> Given information
***

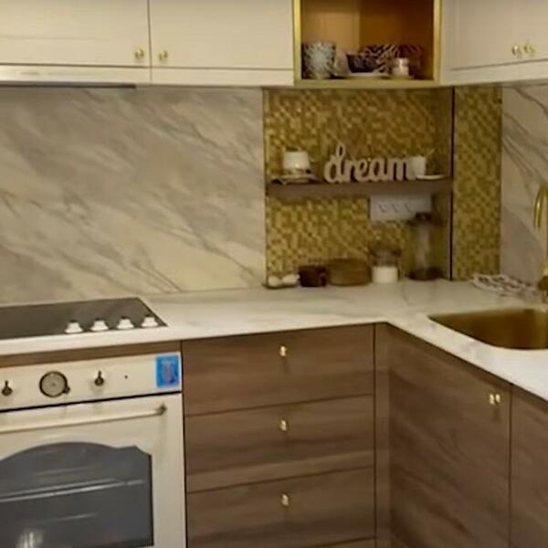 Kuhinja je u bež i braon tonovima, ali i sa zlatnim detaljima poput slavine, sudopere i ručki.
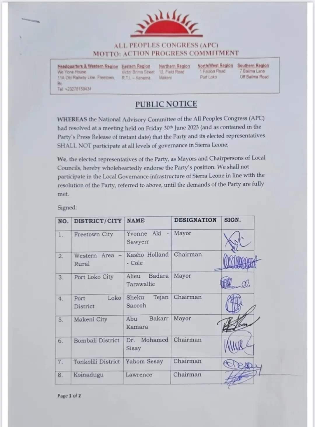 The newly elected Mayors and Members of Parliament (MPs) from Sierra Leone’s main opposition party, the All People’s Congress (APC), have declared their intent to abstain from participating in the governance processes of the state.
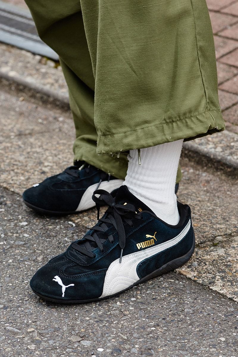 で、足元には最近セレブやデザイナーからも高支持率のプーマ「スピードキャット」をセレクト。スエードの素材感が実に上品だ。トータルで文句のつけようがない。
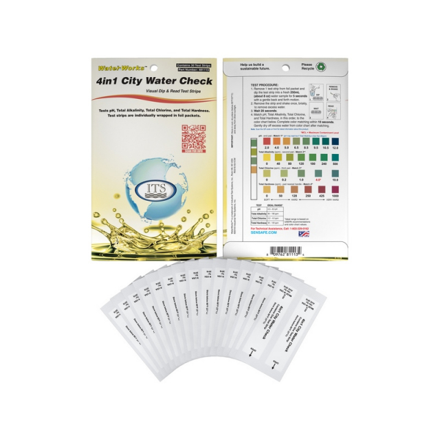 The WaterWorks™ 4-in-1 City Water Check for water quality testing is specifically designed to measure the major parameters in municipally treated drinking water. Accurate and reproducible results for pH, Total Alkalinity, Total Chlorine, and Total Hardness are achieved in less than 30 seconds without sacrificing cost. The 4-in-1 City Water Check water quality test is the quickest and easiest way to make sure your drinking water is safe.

***

Please write out, exactly, every line from the line with "The newly elected" through the final line of the data above, leaving out pictures.

 The newly elected Mayors and Members of Parliament (MPs) from Sierra Leone’s main opposition party, the All People’s Congress (APC), have declared their intent to abstain from participating in the governance processes of the state.
 で、足元には最近セレブやデザイナーからも高支持率のプーマ「スピードキャット」をセレクト。スエードの素材感が実に上品だ。トータルで文句のつけようがない。
 The WaterWorks™ 4-in-1 City Water Check for water quality testing is specifically designed to measure the major parameters in municipally treated drinking water. Accurate and reproducible results for pH, Total Alkalinity, Total Chlorine, and Total Hardness are achieved in less than 30 seconds without sacrificing cost. The 4-in-1 City Water Check water quality test is the quickest and easiest way to make sure your drinking water is safe.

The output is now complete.